3.1. Phylogenetic analysis

The combined ITS, TEF1, and TUB2 gene data set comprised 64 sequences from Nigrospora including isolates from this study. Arthrinium malaysianum (CBS 102053) and Arthrinium obovatum (LC 4940) were considered as outgroup taxa (Figure 1). The combined alignment of three gene regions was analyzed and the best scoring RAxML tree is shown in Figure 1 with a final ML optimization likelihood value of −9176.491460. The matrix had 605 distinct alignment patterns, with 8.57% of undetermined characters or gaps.

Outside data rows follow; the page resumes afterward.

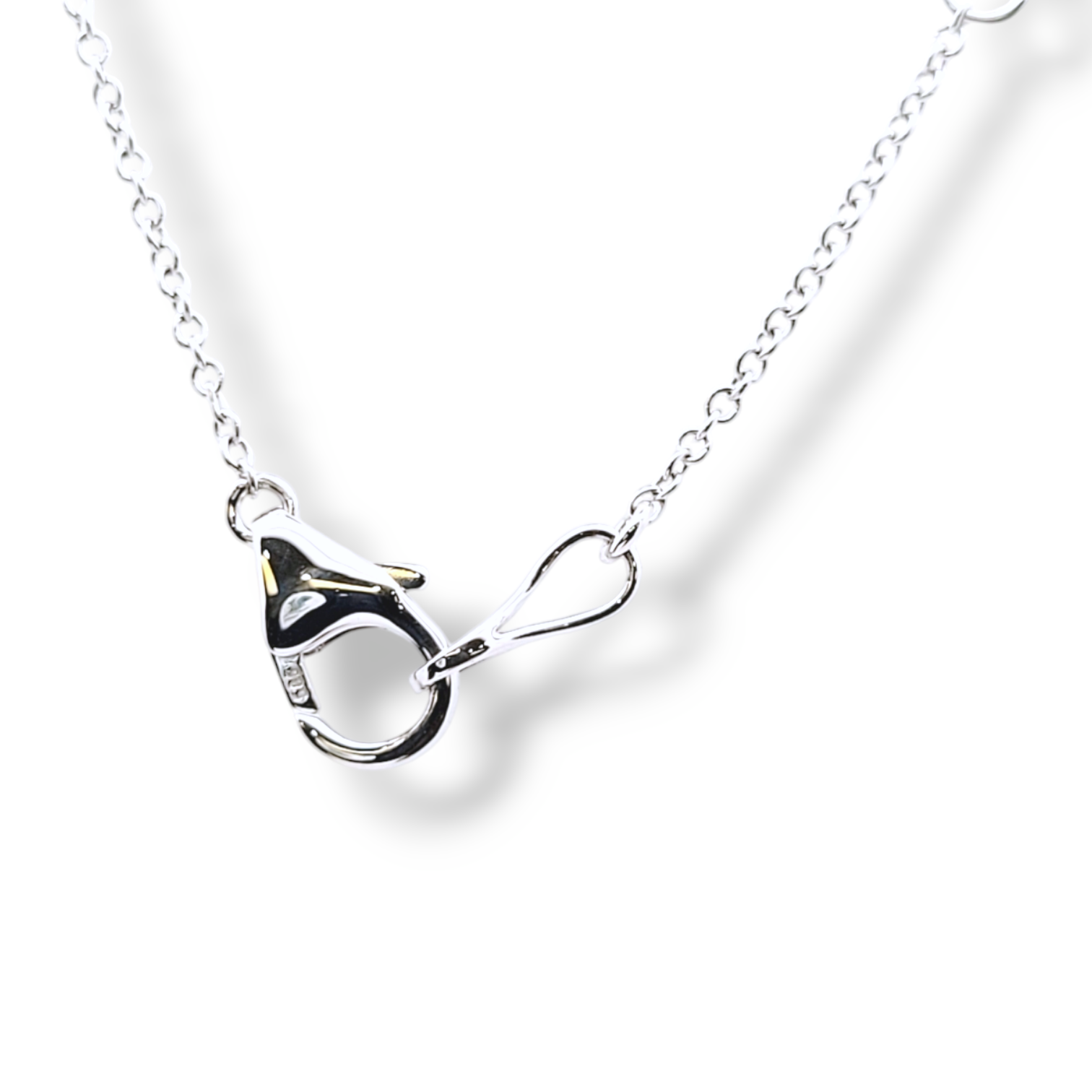 This flower necklace is embellished with pave set diamonds totaling 0.23CTW, This necklace is 16 -17 inches long and the flower is approx 13.25mm. The diamond cut cable chain adds extra sparkle.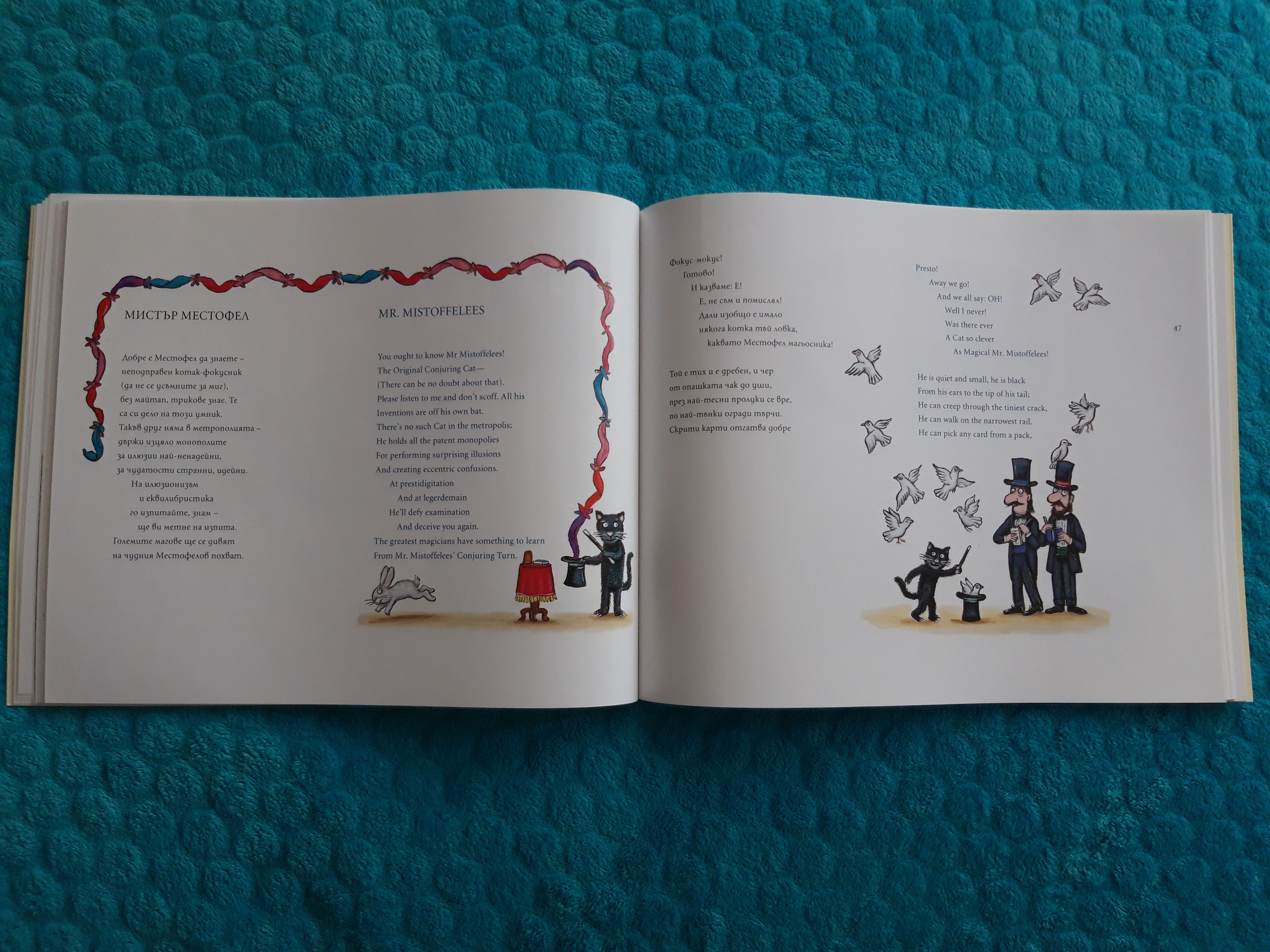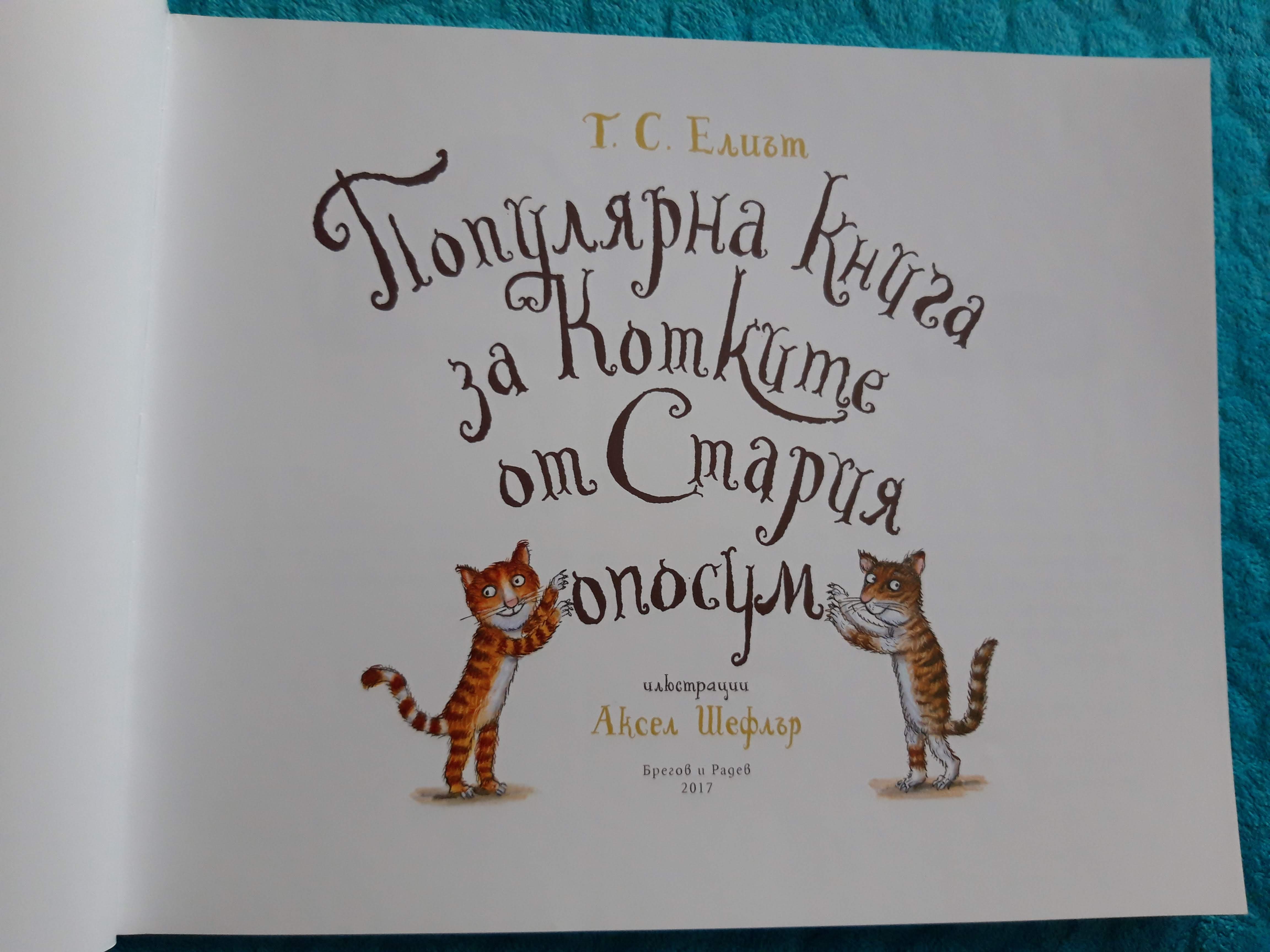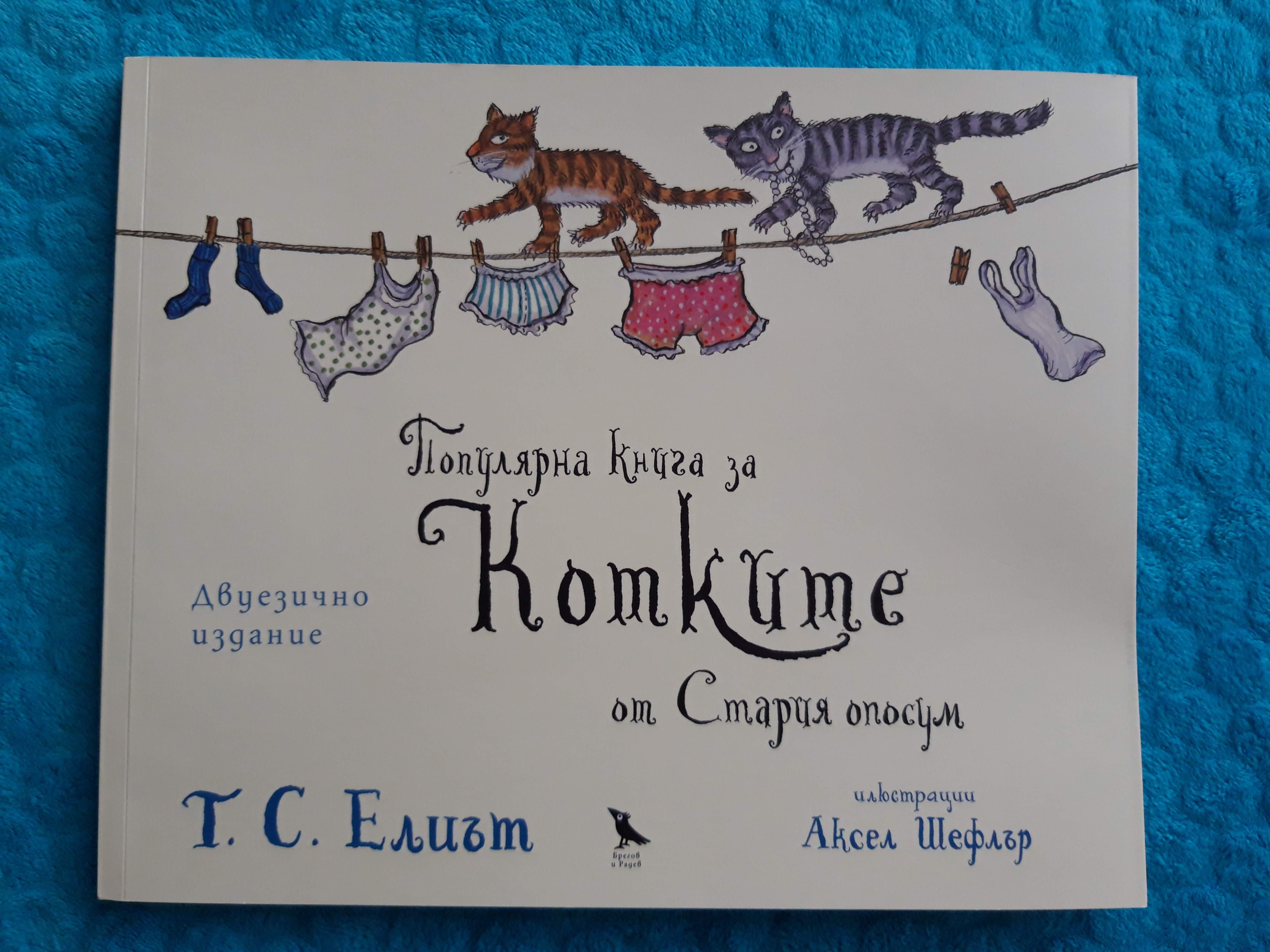Следващата книга, за която искам да ви разкажа, е великолепното издание на “Популярна книга за котките от Стария опосум” на Т.С. Елиът. Вече говорих за филма тук – покрай него открих книгата. Тя е двуезична – Брегов и Радев са направили първия български превод на поемите на Елиът (който е наистина добър, особено като се има предвид колко са особени те), но са включили и оригиналите, илюстрациите пък са на Аксел Шефлър. Заедно с книгата получавате цели пет книгоразделителя с илюстрации. Изданието е с меки корици (това е единственият минус за мен), шрифтът е чудесен, хартията – плътна, а удоволствието – пълно, ако комбинирате четенето с музиката.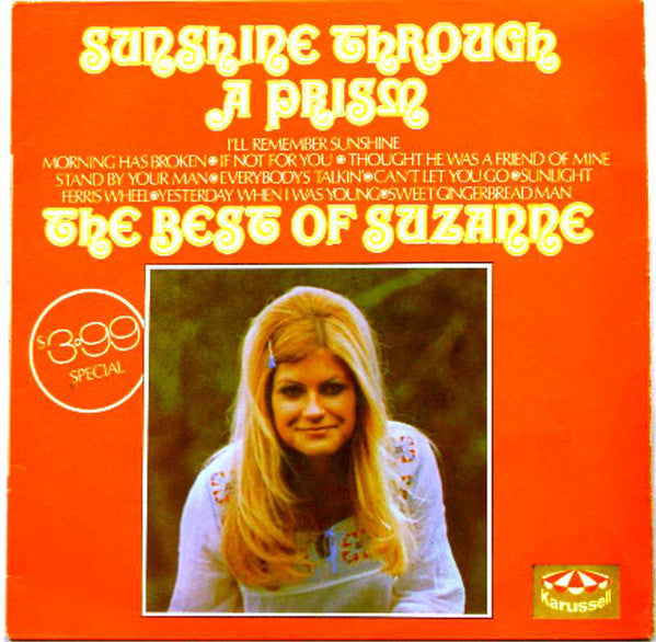 ARTIST: Suzanne LABEL: Karussell CAT: 307 PRESSING: NZ YEAR: 1972 RPM: 33 FORMAT: 12 DISC/S: 1 GENRE: Kiwi MusicPop STYLE: Kiwi Music COVER CONDITION: VG+ VINYL CONDITION: VG- USED OR NEW: Secondhand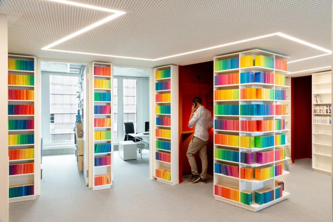 你有多久沒(méi)看過(guò)一本紙質(zhì)書(shū)了?盡管處于網(wǎng)絡(luò)信息發(fā)達(dá)的現(xiàn)代,仍然有很多人對(duì)紙質(zhì)的書(shū)本情有獨(dú)鐘。或許是真實(shí)觸感相比起冷冰冰的屏幕,要更讓人溫暖一些。在德國(guó)柏林的Suhrkamp Verlag出版社辦公室設(shè)計(jì)以書(shū)為體塊展開(kāi),使其無(wú)需依賴(lài)其他的裝飾元素。書(shū)便是整個(gè)出版社辦公空間里最重要的裝飾品,這實(shí)在是再貼切不過(guò)了。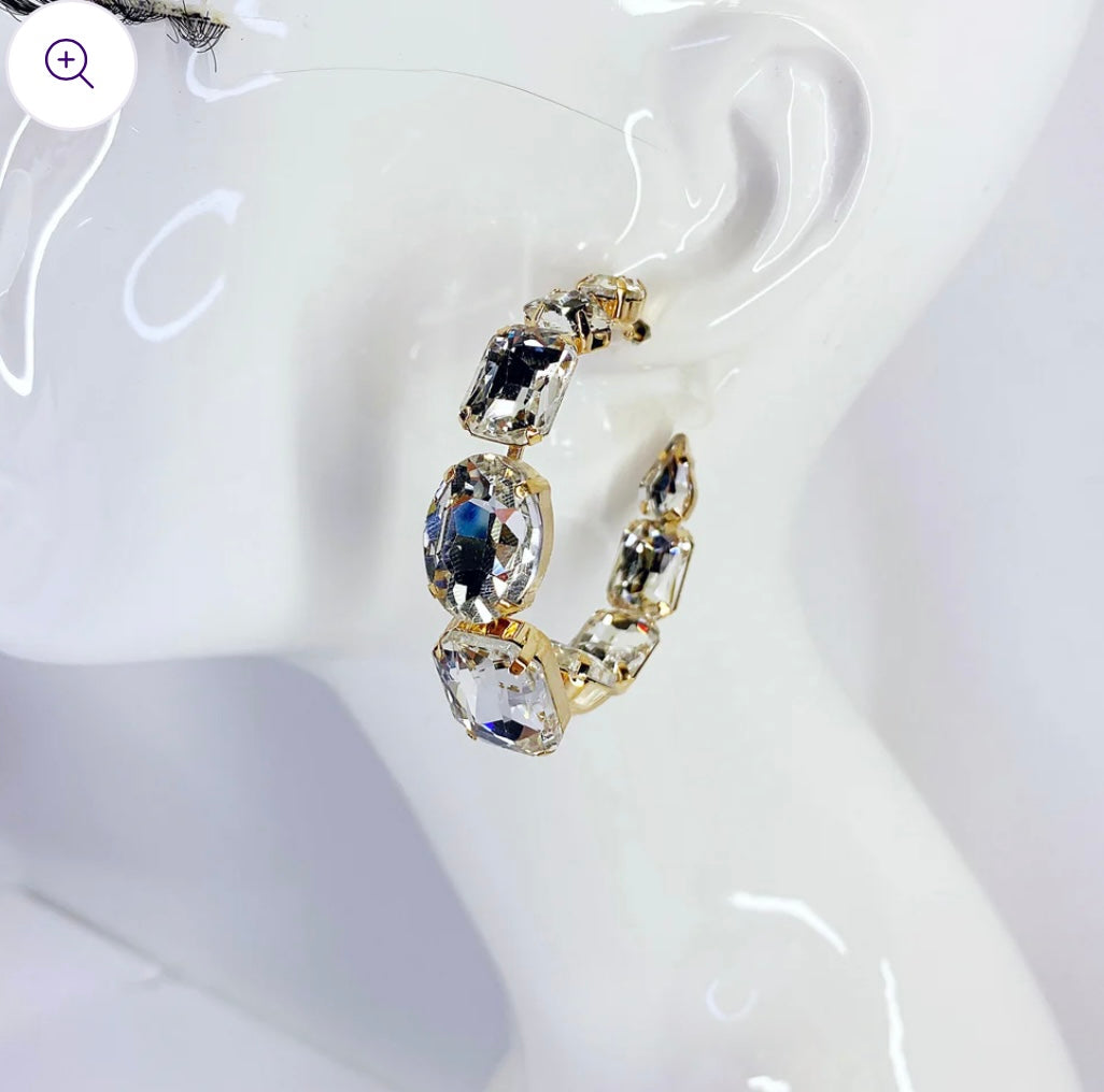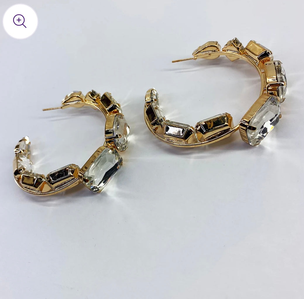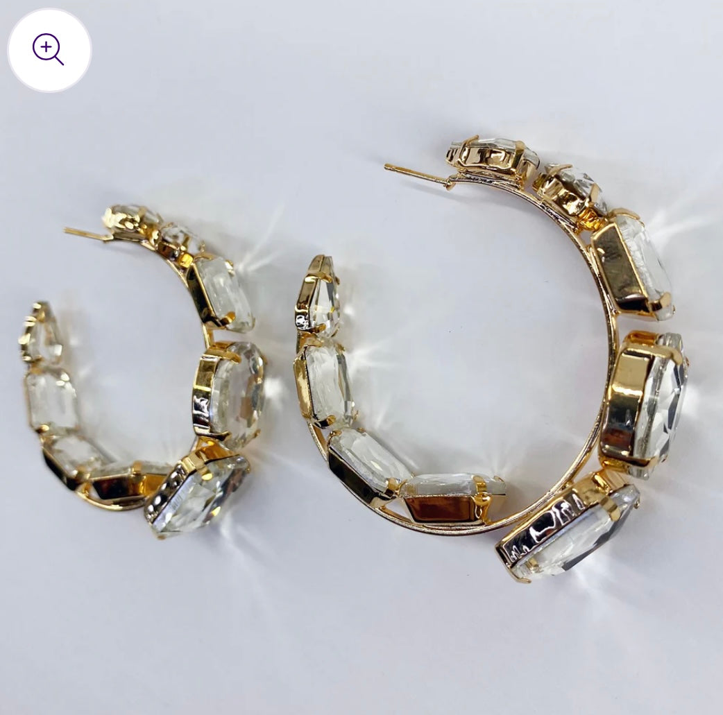 Chunky rhinestones adorn the outer edge of the top half and the inner edge of the bottom half of these hoops. They feature a bold, oversized design in a warm gold tone.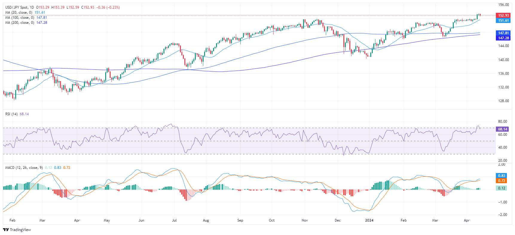 美元/日圆货币对目前交投于 152.95 点,小幅下跌 0.17%。侭管密西根大学(UoM)消费者信心指数(Consumer Sentiment Index)显示美国消费者信心下降,但由于周三和周四报告的通膨数据火热,本周美元兑日圆将收涨。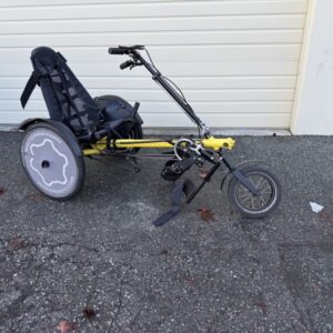 Trike comes equipped with pedals with toe clips and straps for better grip

Estimated base frequencies were as follows; A = 0.209857, C = 0.308100, G = 0.240726, and T = 0.241318; substitution rates AC = 0.968792, AG = 2.885236, AT = 0.956737, CG = 0.911966, CT = 4.642164, and GT = 1.000000; proportion of invariable sites I = 0.401481; gamma distribution shape parameter α = 0.808089. The MP analysis with combined ITS, TEF1, and TUB2 gene data comprised 1344 total characters including gaps, of which 759 characters were constant, 498 characters were parsimony-informative, while 87 variable characters are parsimony-uninformative. In the most parsimonious tree, TL = 1621, CI = 0.570, RI = 0.907, RCI = 0.517, and HI = 0.430. The Bayesian analysis resulted in 15,000 trees after 3,000,000 generations. All trees (ML, MP, and BYPP) were similar in topology and did not differ significantly (data not shown). At the generic level, relationships are in agreement with the previous study based on multi-gene phylogeny [3]. Our phylogenetic analyses resulted in 18 clades corresponding to species in Nigrospora similar to the study conducted by Wang et al. [3]. Isolates from this study clustered within five clades corresponding to known species and thus confirmed their identities.

Figure 1.

Multilocus phylogenetic tree based on the combined ITS, TEF1, and TUB2 sequences alignment generated from a maximum likelihood phylogenetic analysis. Bootstrap support values for ML, MP (> 70%), and posterior probabilities (> 0.9) are given at the nodes (ML/MP/PP). The tree is rooted with Arthrinium malaysianum (CBS 102053) and Arthrinium obovatum (LC 4940). (*indicates the ex-type isolates).

3.2. Taxonomy

Nigrospora Zimm., Centbl. Bakt. ParasitKde, Abt. I 8:220 (1902),

Synonym: Khuskia H.J. Huds., Trans. Br. mycol. Soc. 46:358 (1963),

Nigrospora gorlenkoana Novobr., Nov. sist. Niz. Rast. 9:180 (1972),

Facesoffungi number: FoF 06595 (Figure 2).

Figure 2.

Nigrospora gorlenkoana (JZB 3230001). (a and b) Appearance of leaf spots on the host substrate; (c and d) Upper view (c) and reverse view (d) of culture on PDA; (e) Conidia on aerial mycelia on PDA; (f) Mature conidia; (g–i) Mature conidia attached to conidiogenous cells. Scale bars f, g = 20 μm, h, and i = 10 μm.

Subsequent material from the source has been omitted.